**Instructions for the task**
Transcribe nothing except the lines below that run from the one with "There are 2" to the one with "- For the embodiment", ends included, and do not copy any picture.

[Records from a collection]
____

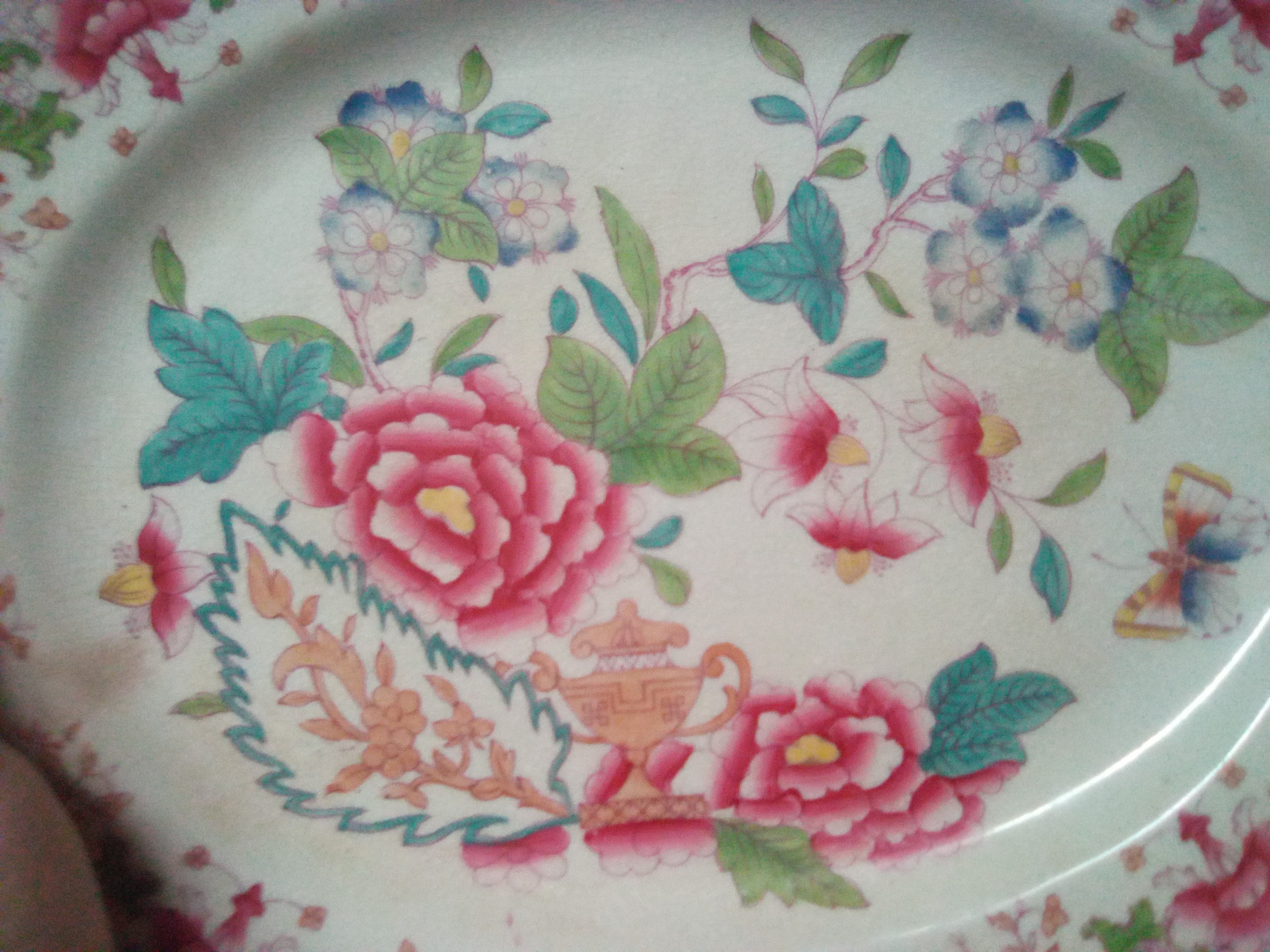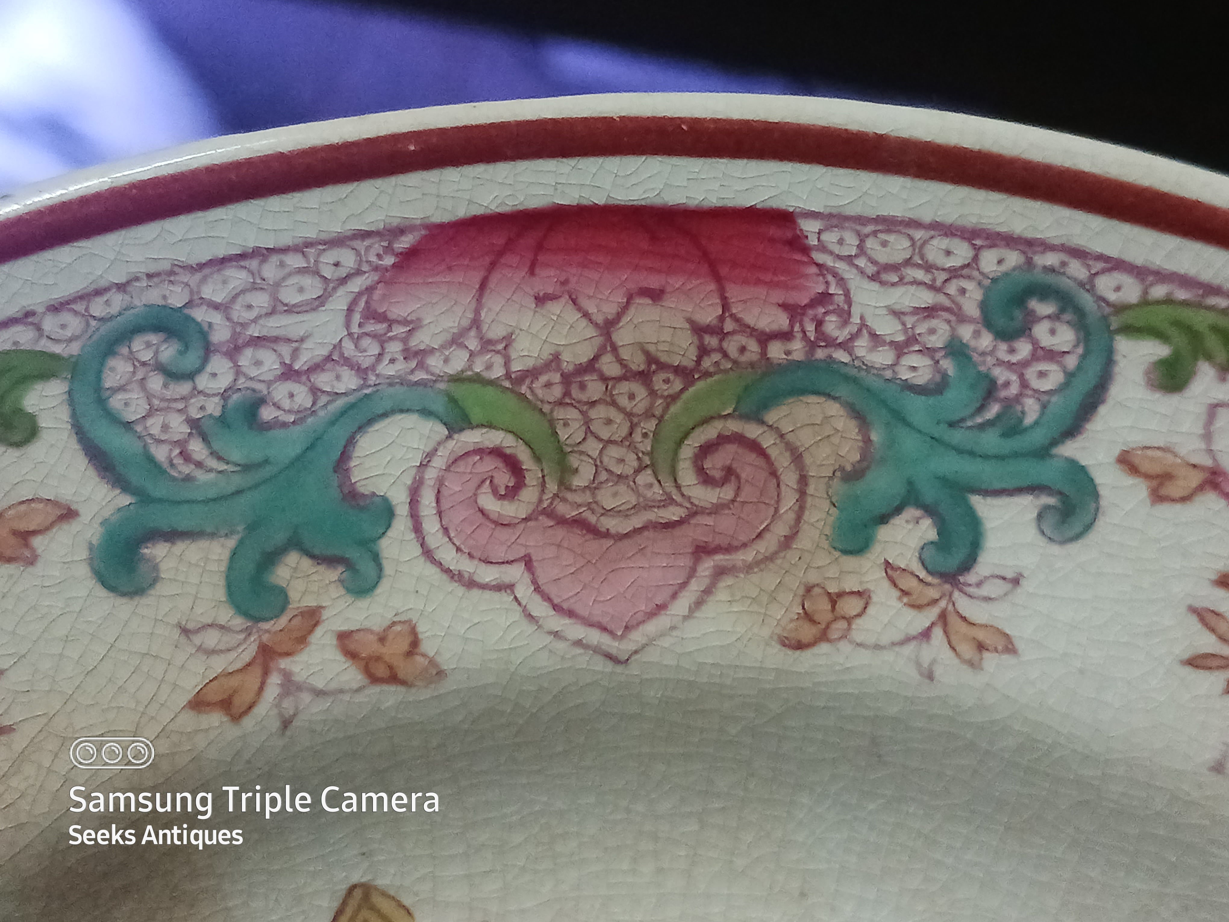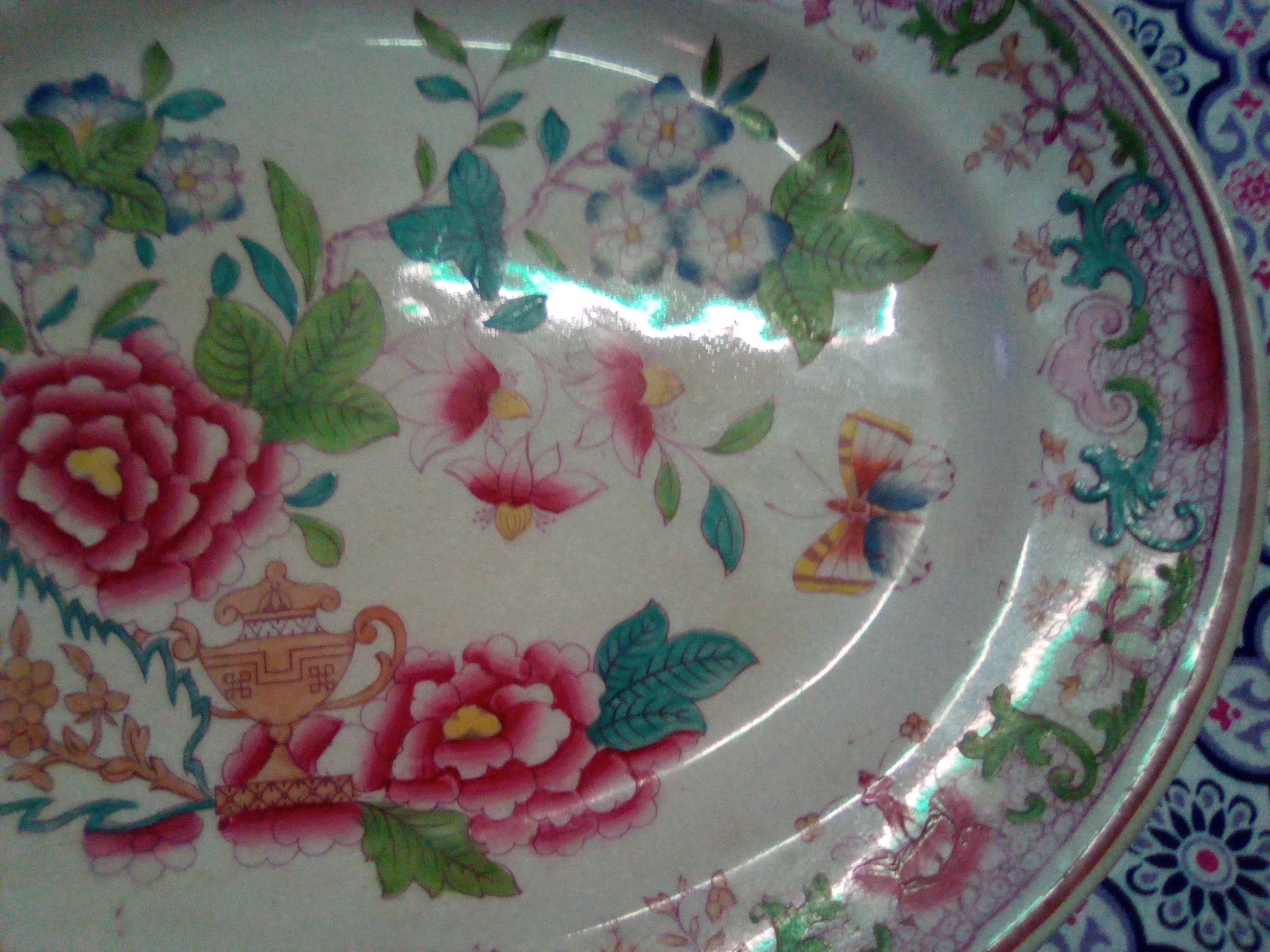 Chinese rose families with lamp and butterfly done in traditional 5 color theme.
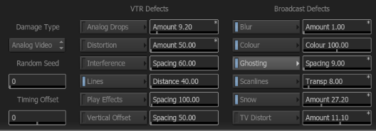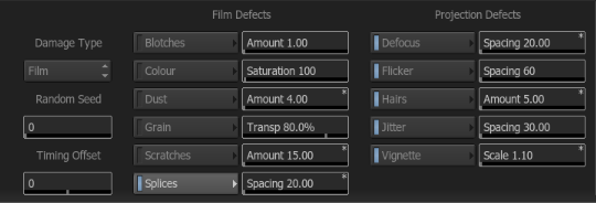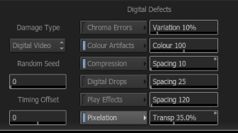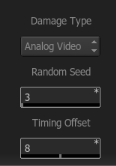 There are 2 global settings that affect the Film, Analogue, and Digital damage looks. Under the effect chooser, is a numeric slider for Random Seed and Timing Offset. The Random Seed value will, as the name implies, create random variations in the effects. If you don’t like the way the film scratches are scratching, then adjust the random seed value.
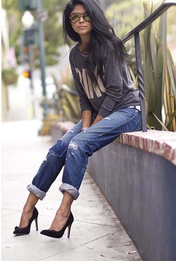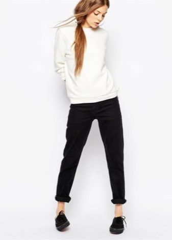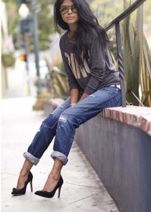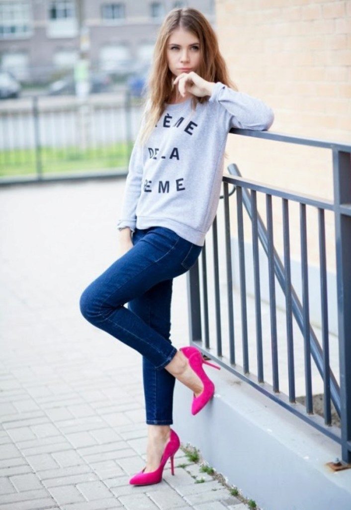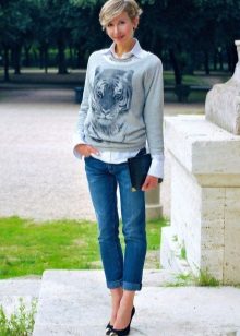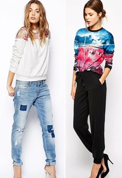 - For the embodiment of everyday bow can wear a sweatshirt with jeans.With loose models, skinny jeans are better in tune, but sweatshirts with elastic are perfectly combined with boyfriend jeans.
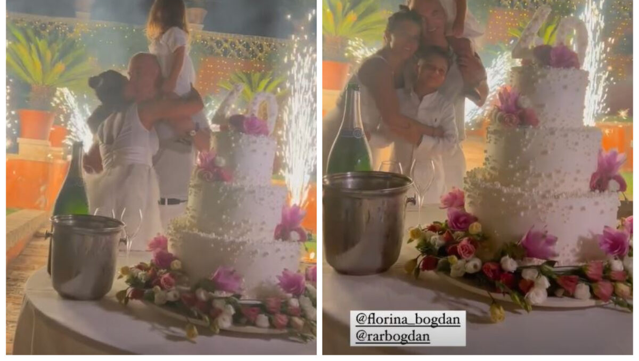 Îmbrăcată într-o rochiță albă, Florina s-a distrat alături de invitați. Însă, unul dintre momentele intense de la super-party a fost când a dansat alături de soțul ei, Rareș Bogdan! Politicianul nu a scăpat-o din ochi nicio secundă, iar pe ringul de dans a și dezmierdat-o în sărutări. Vizibil fericiți împreună, au atras toate privirile celor din jur, mai ales atunci când și-a făcut prezența si… tortul cu trei etaje!
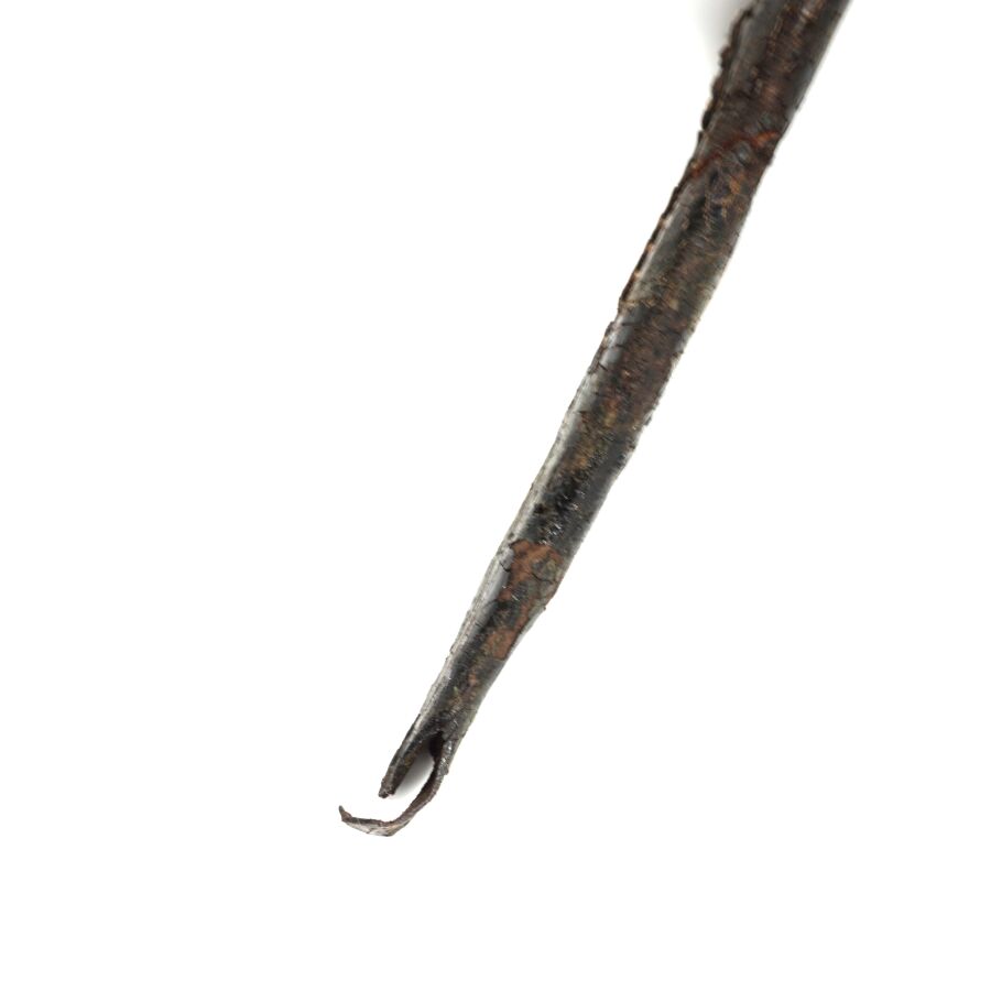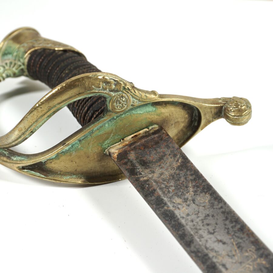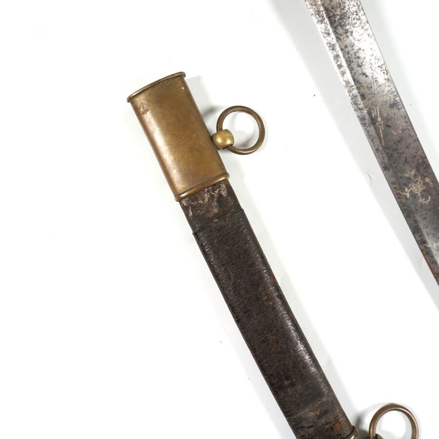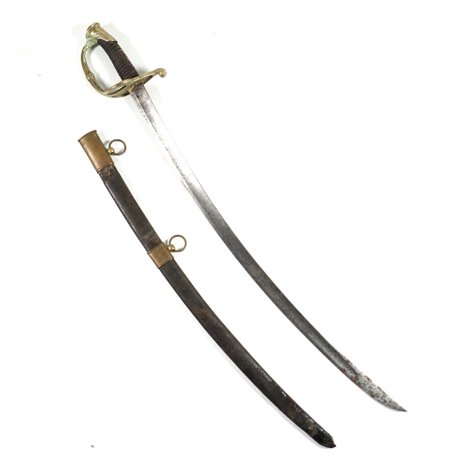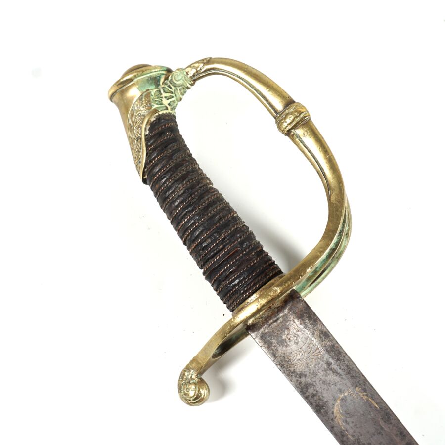 SABRE D'OFFICIER D'INFANTERIE MODELE 1821, monture en laiton ciselé à une branche principale et une secondaire à décor de feuillage, poignée en bois gainée de basane à filigrane en fils de cuivre torsadés, calotte à courte queue. Lame courbe de 76 cm piquées par endroits à pans creux et dos plat, gravée au premier tiers de symbole militaires, fourreau en cuir noir craquelé en mauvais état à garnitures en laiton et à deux bracelets et anneaux de suspente, manque la bouterolle, DANS L'ETAT.
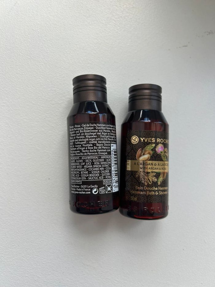 Lot de deux bains douches Yves rocher Neuf À l’argan et à la rose 2x50 ml
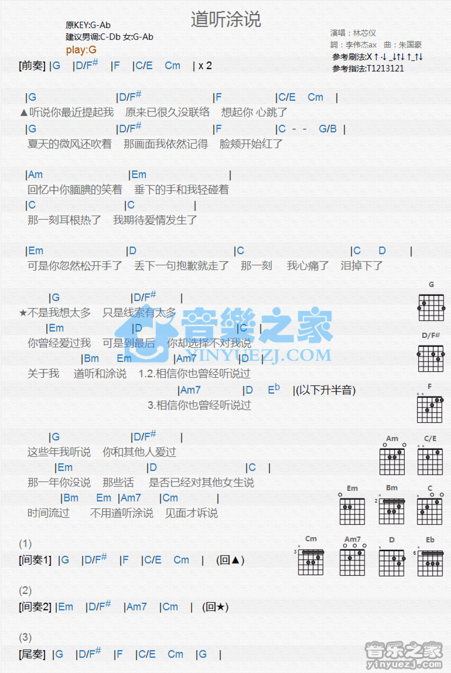 曲谱介绍: G调版 林芯仪《道听途说》吉他和弦弹唱谱
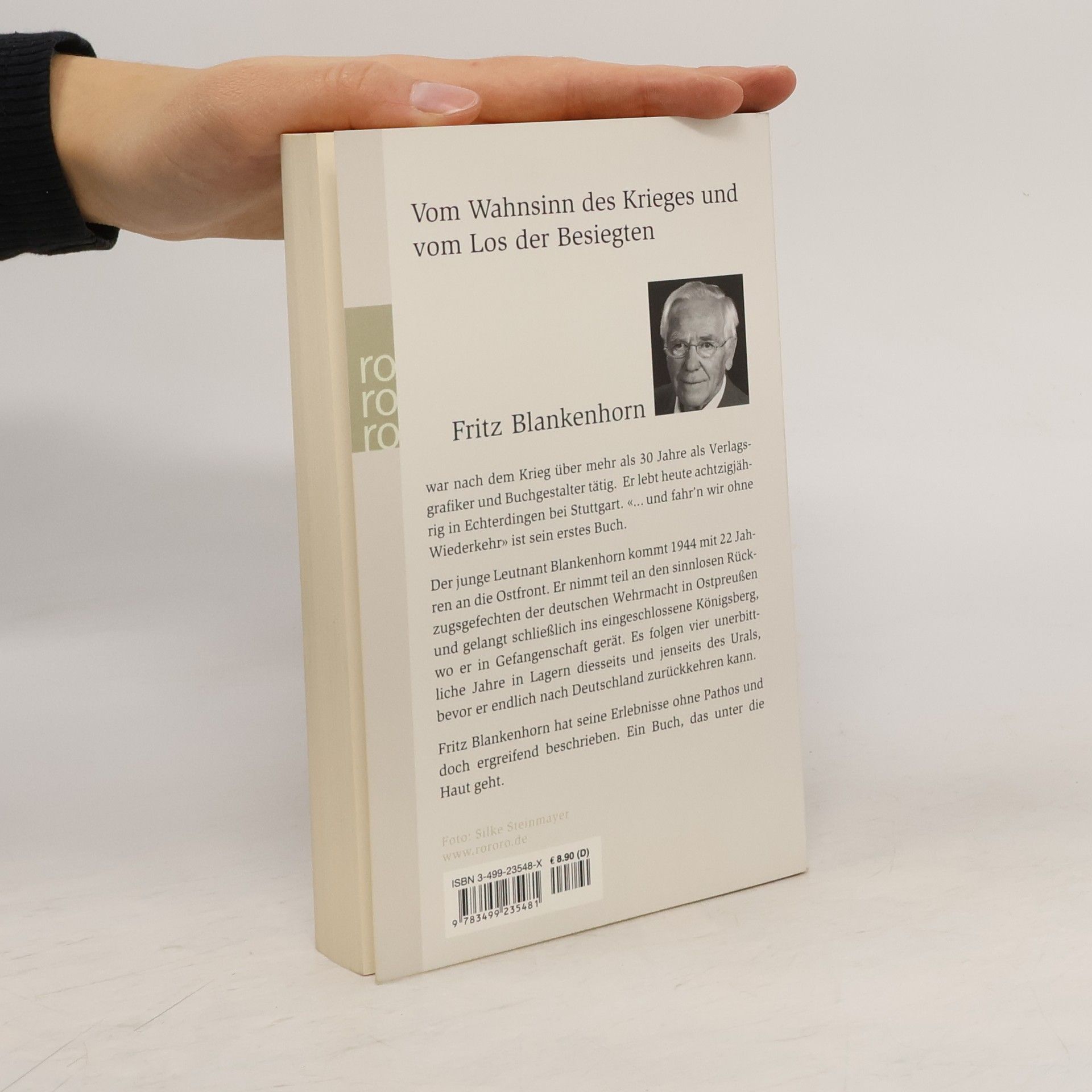 Vom Wahnsinn des Krieges und vom Los der Besiegten. Der junge Leutnant Blankenhorn kommt 1944 mit 22 Jahren an die Ostfront. Er nimmt teil an den sinnlosen Rückzugsgefechten der deutschen Wehrmacht in Ostpreußen und gelangt schließlich ins eingeschlossene Königsberg, wo er in Gefangenschaft gerät. Es folgen vier unerbittliche Jahre in Lagern diesseits und jenseits des Urals, bevor er endlich nach Deutschland zurückkehren kann. Fritz Blankenhorn hat seine Erlebnisse ohne Pathos und doch ergreifend beschrieben. Ein Buch, das unter die Haut geht. Fritz Blankenhorn war bereits über 80 Jahre alt, als er 2004 seine Erinnerungen an die Jahre der Kriegsgefangenschaft veröffentlichte. Das Buch wurde ein großer Erfolg und hat bereits zahlreiche Auflagen erlebt. Nach dem Krieg war er über 30 Jahre lang als Verlagsgrafiker und Buchgestalter tätig. Fritz Blankenhorn ist am 22. April 2011 im Alter von 89 Jahren verstorben.

____

**Solution**
 There are 2 global settings that affect the Film, Analogue, and Digital damage looks. Under the effect chooser, is a numeric slider for Random Seed and Timing Offset. The Random Seed value will, as the name implies, create random variations in the effects. If you don’t like the way the film scratches are scratching, then adjust the random seed value.
 - For the embodiment of everyday bow can wear a sweatshirt with jeans.With loose models, skinny jeans are better in tune, but sweatshirts with elastic are perfectly combined with boyfriend jeans.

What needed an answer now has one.